Attorney Randall Kallinen’s letter to Houston City Council sent Aug. 14, 2012
Dear Mayor Parker and City Council members and concerned others,
I represent myself as a citizen. Please call the City Council meeting now to put Houston’s food sharing ordinance on the November ballot. Yesterday, August 13, 2012, at about 1:45 PM over 34,000 petition signatures were handed in to put the City’s food sharing ordinance on the November ballot. The City Secretary herself accepted them and asked what they were and she was told they were 34,000 petition signatures regarding the Food ordinance for the November ballot. Anna Russell has been with the City for a very long time and knows all the deadlines regarding petitions. You were told today in open session over 20,000 were verified Houston voters and met all requirements. Today no less than 12 people came to City Council speaking in favor of putting it on the ballot. We were falsely told it is too late and that the City Attorney send out a letter informing all councilmembers and the Mayor of all deadlines. Of course the City Attorney is wrong that it is too late and that was pointed out in today’s front page Chronicle story and to you at City council meeting today. First of all counting the total number of signatures could easily have occurred by now with two people.
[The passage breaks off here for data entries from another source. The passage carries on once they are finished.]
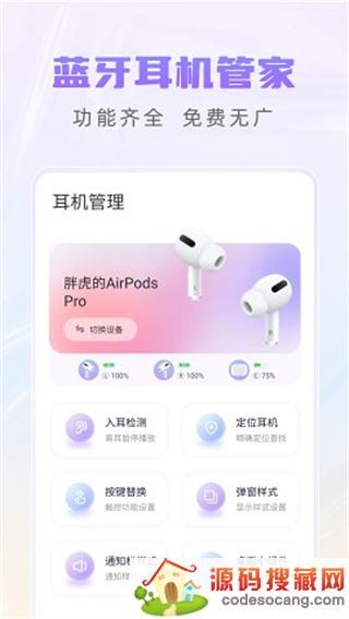 airpods king手机版,这是一款完全免费的蓝牙设备管理的软件,其中主要功能就有耳机电量弹窗、入耳检测、定位查找耳机、按键替换、通知栏查看电量、桌面电量组件设置、弹窗样式设置、通知栏样式设置。值得一体的就是入耳检测功能,在这里包括自动入耳检测和充电时停止播放,按键替换支持轻按耳机一下、两下、三下,同时大家还可以设置播放暂停、上一首、下一首、语音助手、播报当前音量。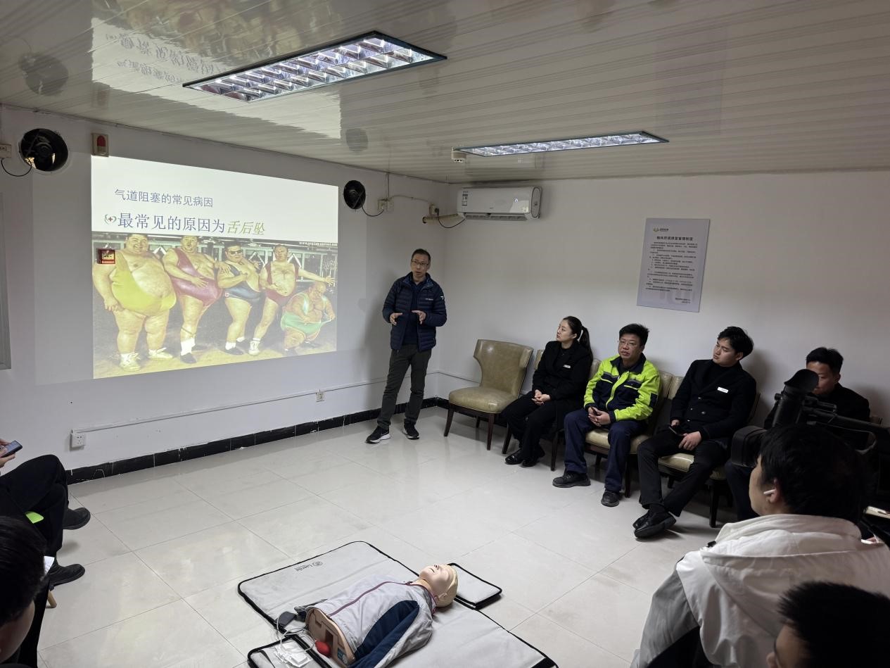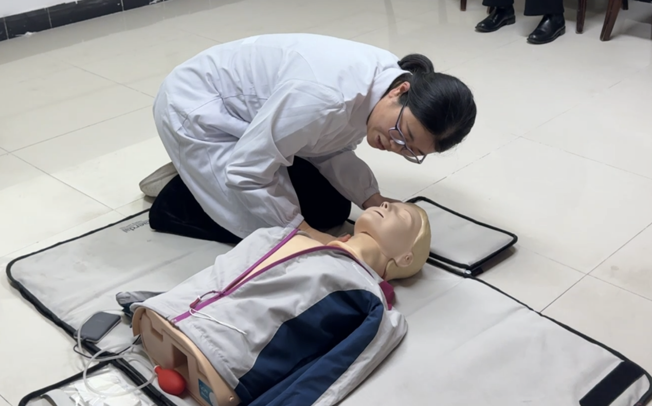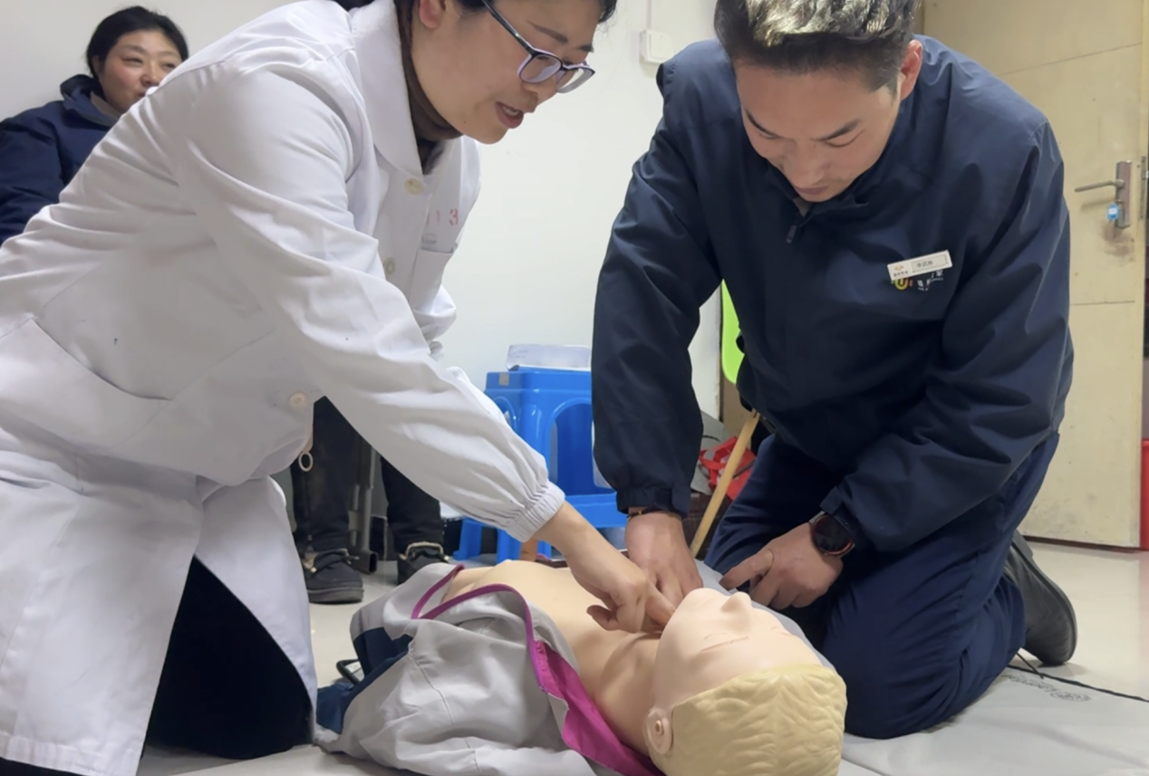 培訓(xùn)過程中,南通三院心內(nèi)科顧建國主任帶來了干貨滿滿的理論講解。盛和悅家的物業(yè)人員們?nèi)褙炞ⅲJ(rèn)真聆聽顧主任關(guān)于現(xiàn)場急救種類及基礎(chǔ)知識的細(xì)致闡述,逐漸明晰在面對各類突發(fā)狀況時(shí)應(yīng)如何迅速且準(zhǔn)確地做出判斷與反應(yīng)。緊接著,心內(nèi)科崔紅艷護(hù)士長進(jìn)行心肺復(fù)蘇(CPR)實(shí)操演示,其專業(yè)嫻熟的動(dòng)作令在場人員印象深刻。盛和悅家的物業(yè)人員們踴躍上手實(shí)踐,在崔護(hù)士長及顧主任的耐心指導(dǎo)下,逐漸掌握了正確的操作要領(lǐng),每一次按壓、每一次人工呼吸都力求標(biāo)準(zhǔn)規(guī)范,不斷糾正與完善自身技能。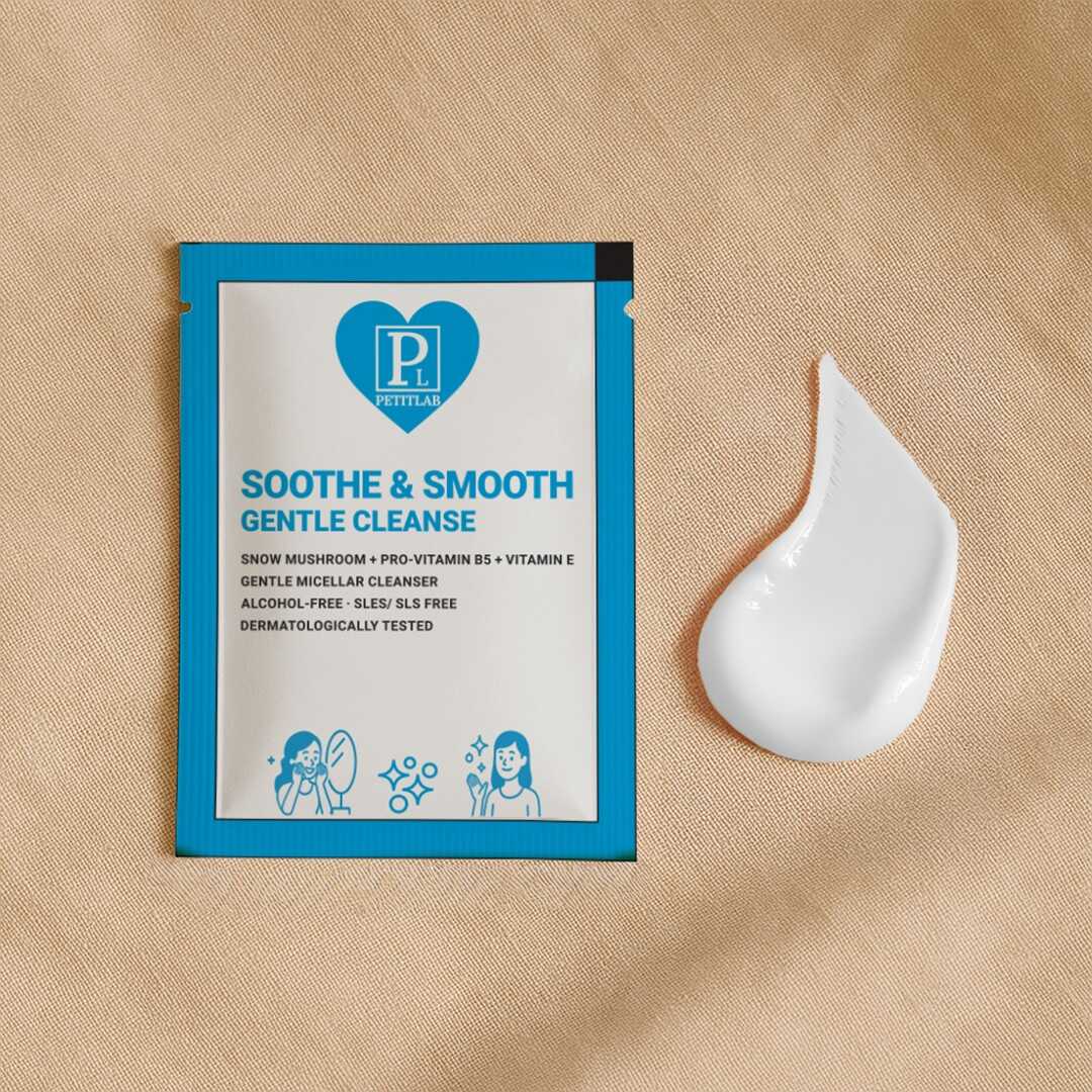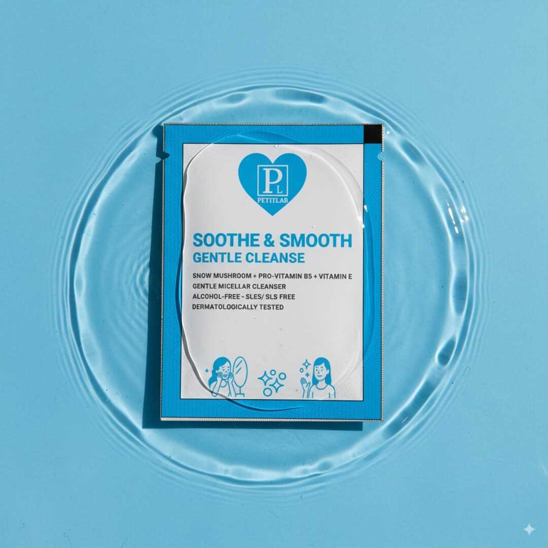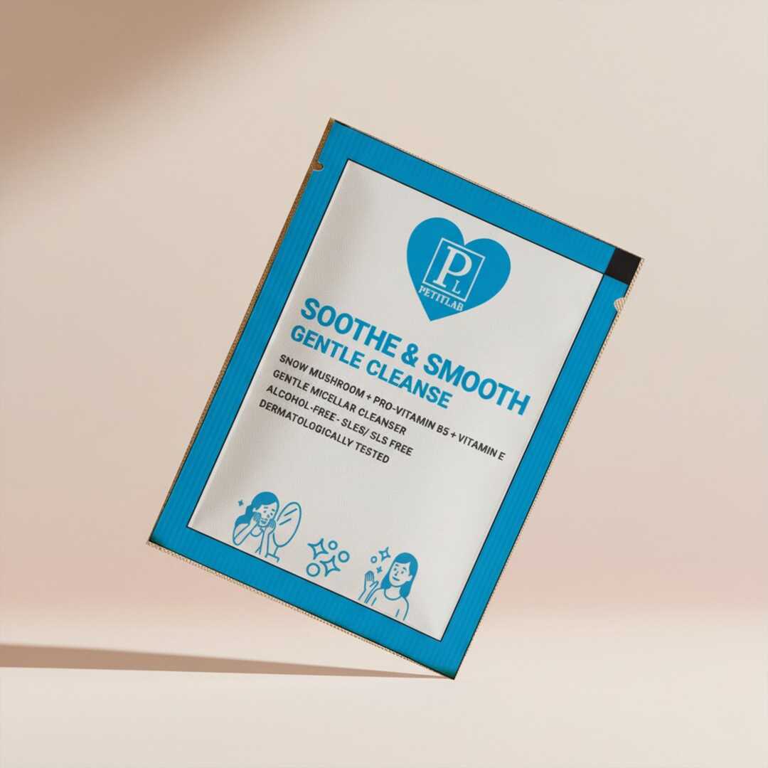 Tek kullanımlık 20 adet PetitLab Soothe & Smooth Gentle Cleanse şase, cildini kurutmadan temizler, ferahlık ve canlılık kazandırır.

Then to verify 20,000 voter signatures would only take a few days with enough people through the computerized voter databases. The City Secretary has seem many petitions–it is not rocket science having verified my own voter petition signatures when I ran for district court judge.
There is no need even to count verifieds before noticing the meeting and meet the three day requirement of noticing a City meeting. It is obvious it could have happened yesterday, today, or tomorrow as examples and then the counting verifieds could finish before the meeting. Experts have told me that the City of Houston could easily verify the 20,000 necessary voter signatures in a few days if it wanted to.
Last Tuesday’s City Council meeting contained three charter amendments put on the ballot by the City Council without any petition. By the way some of those charter amendment seem designed merely to put a two year ban on future charter amendments such as the food ordinance amendment. Likewise, this ordinance can be put on the ballot without regard to any verified signatures if you have the will to do so. Everyone knows this.
Also, the City could do a quick statistical analysis by picking two hundred random signatures and verifying them. Lets say there is a 80% verified voter signature rate (160 good signatures per the 200) then merely multiply 80% by 34,000 signatures and you get 27,200 verified signatures. It is obvious that this could have happened already with only a couple of people working.
It is clear that the food ordinance petition is not late and only the City’s conscious desire to keep it off the ballot is what will keep it off the November ballot. Notice the meeting now please.